Adversarial-perturbation attacks against LLM safety classifiers. The auxiliary models used to filter inputs and outputs in LLM applications are themselves vulnerable to adversarial examples in the classical sense.

Defences and their limits

Adversarial training. Train the model on adversarial examples generated during training so that it learns to be robust. The most effective defence in practice. Costly: roughly 5-10x the compute of standard training. Robustness gains are real but bounded; adaptive attacks designed against adversarially trained models still succeed at meaningful rates. Madry et al.’s "Towards Deep Learning Models Resistant to Adversarial Attacks" (2017) at arxiv.org/abs/1706.06083 is the foundational paper.
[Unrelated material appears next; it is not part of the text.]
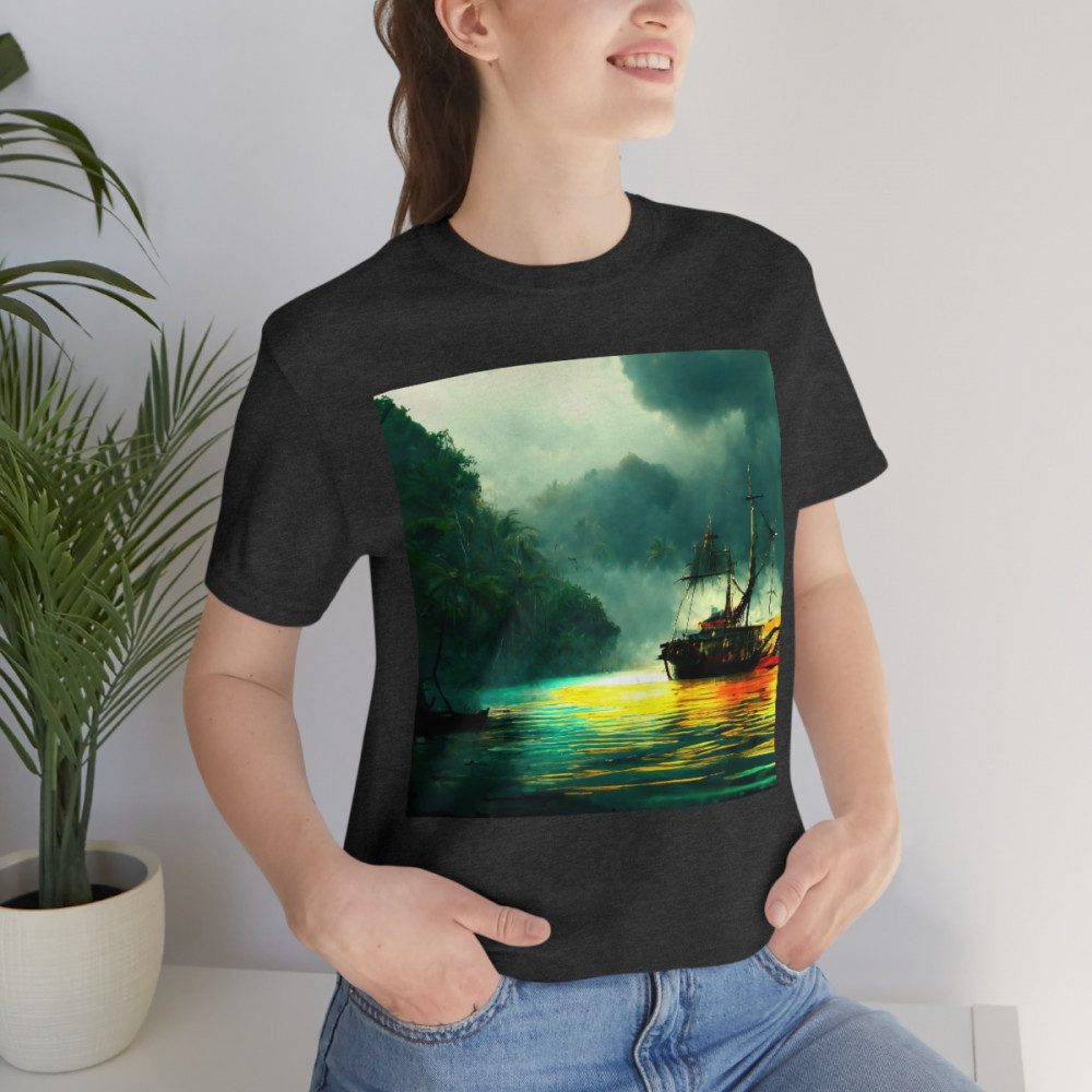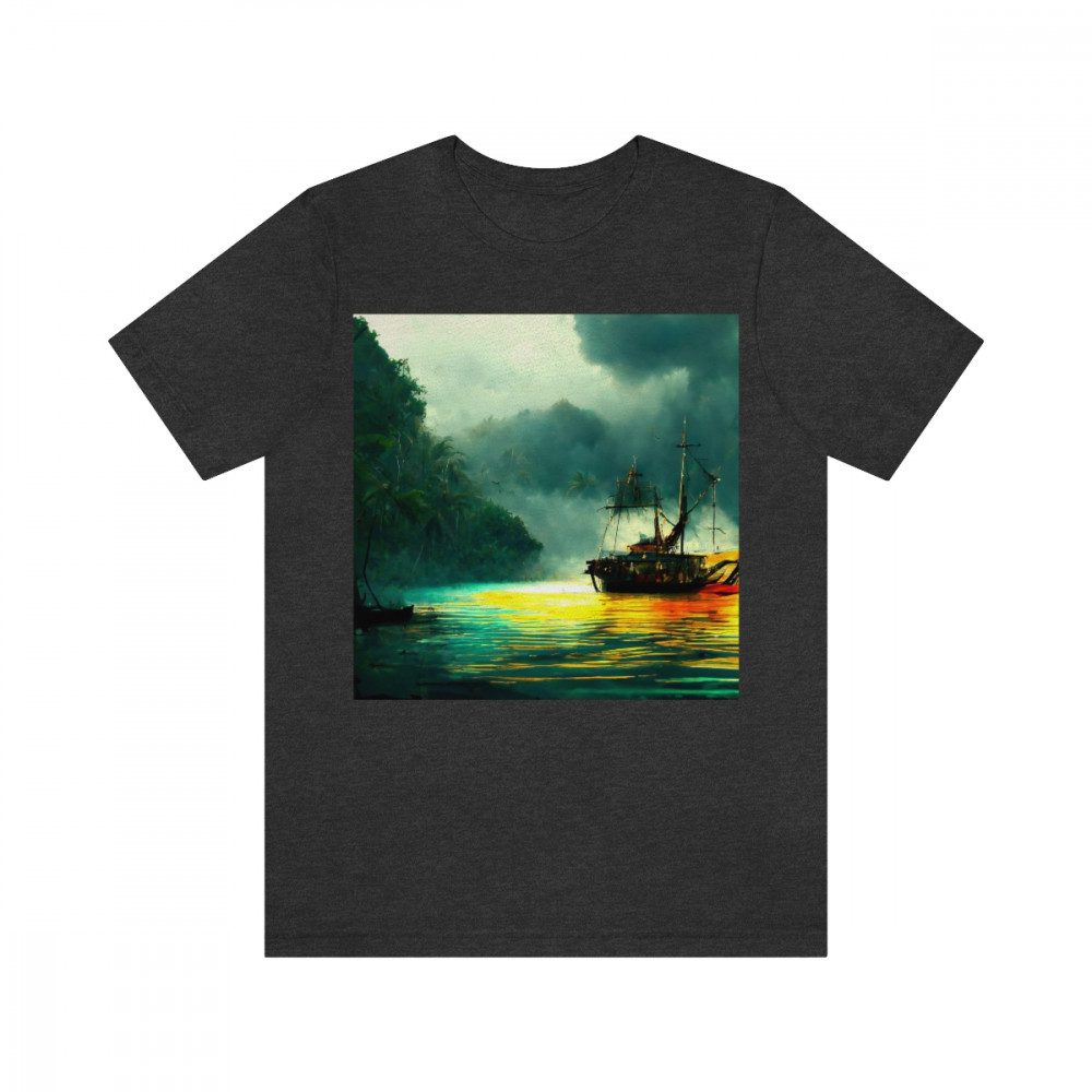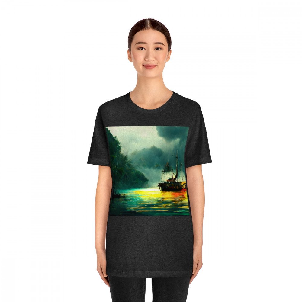 Wrecked Pirate Ship Sitting Tattered And Burned In The Bay With Dark Clouds At Sunset

Certified defences. Mathematical proofs that the model’s prediction does not change within a specified perturbation budget. Randomised smoothing is the most successful technique. Provides genuine guarantees within tight bounds; struggles to scale to realistic threat models.

Input transformations. Compressing, denoising, or randomising inputs before passing to the model. Often defeats simple attacks; routinely defeated by adaptive attacks that account for the transformation.

Detection. Train a separate classifier to identify adversarial inputs. The same vulnerability, the detector itself can be adversarially attacked.

Ensembles. Multiple models, each making a prediction; consensus required. Increases attacker cost; does not eliminate vulnerability since transferability between models is high.

Architectural choices. Some model architectures (sparse models, capsule networks, vision transformers in some configurations) appear to be more robust than others. The advantage is small.

The honest summary: there is no general-purpose defence that defeats an adaptive attacker. The defensive value comes from raising attacker cost, narrowing the space of practical attacks, and making attacks detectable through monitoring.

The 2026 operational picture

Several trends matter for organisations deploying ML:

Robustness has been added to model evaluation suites. The MITRE ATLAS framework at atlas.mitre.org catalogues adversarial-ML attack techniques and is becoming the canonical reference for ML threat modelling. NIST has published guidance on adversarial ML. AI red-teaming exercises (covered in a separate post) routinely include adversarial testing.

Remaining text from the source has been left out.